How electric vehicles might keep the cost of electricity up after Tiwai closes

The closure of the Tiwai smelter will only briefly reduce the country's electricity usage, Green Party co-leader James Shaw has warned, urging more investment in renewable electricity generation. 

The smelter is located at the very bottom of the South Island and uses 13 percent of the country's entire power supply. It's set to close in August 2021.

The resulting glut of electricity could see prices fall, one electricity sector CEO told the Gisborne Herald at the weekend.

"This development could help reduce New Zealand's greenhouse gas emissions, decarbonise the electricity system more quickly and result in cheaper electricity for New Zealanders," Eastland Group boss Matt Todd said.

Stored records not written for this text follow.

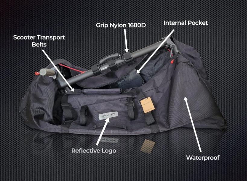 Para comenzar, el usuario pliega su patinete eléctrico y lo coloca cuidadosamente dentro de la bolsa. La bolsa, confeccionada con tela Oxford impermeable de color negro, no solo ofrece una apariencia discreta, sino que también cuenta con un diseño específico para minimizar el peso percibido al llevarla. Una vez que el patinete está dentro, se ajusta la correa de transporte al hombro para mayor comodidad durante el desplazamiento. Lo más destacado del proceso es la capacidad de la bolsa para camuflar el patinete eléctrico de manera efectiva, permitiendo a los usuarios trasladarlo de forma discreta y sin llamar la atención. Su diseño funcional, combinado con detalles como un logo reflectante para mejorar la visibilidad y un revestimiento interno para proteger el patinete de posibles daños, demuestra que la bolsa de transporte TopActive va más allá de ser simplemente un accesorio; es una solución integral que permite a los usuarios mantener su movilidad de manera astuta y eficaz.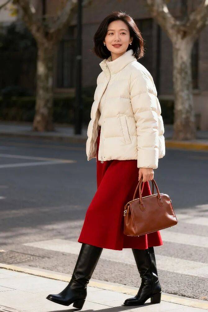 白色羽绒服的干净和红色A字裙的亮眼结合在一起,既保暖又时髦。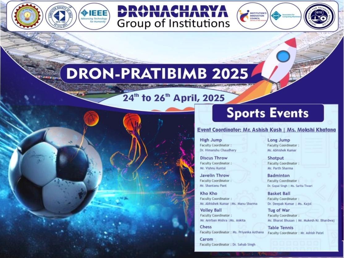 Sports Club, Dronacharya Group of Institutions successfully organized a vibrant series of Sports Events as part of its annual fest Dron-Pratibimb 2025, held from 24th to 26th April, 2025. The sports activities were designed to encourage active participation, promote fitness awareness, and cultivate teamwork among students.

"In a perfect world, closing Tiwai Point should theoretically result in greater shares of renewable electricity, a reduction in greenhouse gas emissions and cheaper electricity prices for all New Zealanders," sustainable energy expert Prof Ralph Sims of Massey University said.

But Green Party co-leader James Shaw told The AM Show on Monday the demand for electricity will keep rising, even without the smelter. 

"We know the demand for electricity is going to go up even after the Tiwai smelter closes, because we are going to have people switching towards electric vehicles," he said.

There are about 20,000 electric vehicles on the roads at the moment. Shaw claimed the number is increasing "dramatically", but Ministry of Transport data shows growth has been fairly linear over the past few years and actually dropped off this year - likely thanks to the COVID-19 pandemic.

"There are still 4.2 million internal combustion engine vehicles in the country and they stay on the road for about an average of about 15 years or so. So we do urgently need to do something about that," he said.

Shaw wouldn't talk about the Greens' plan to deal with the 4.2 million petrol-guzzling vehicles, inviting himself back onto The AM Show in a few weeks' time once the party had revealed it. 

Fossil-free plan

The Greens at the weekend unveiled a plan to bring forward the Government's 100 percent renewable energy target by five years to 2030, including a ban on new fossil fuel power generation and subsidising solar panels.

"In the last three years we did actually put in place the goal of setting New Zealand on a renewable path by 2035. We're now feeling confident enough - based on what we've learned and based on changes in the market - to be able to bring that forward by five years to 2030."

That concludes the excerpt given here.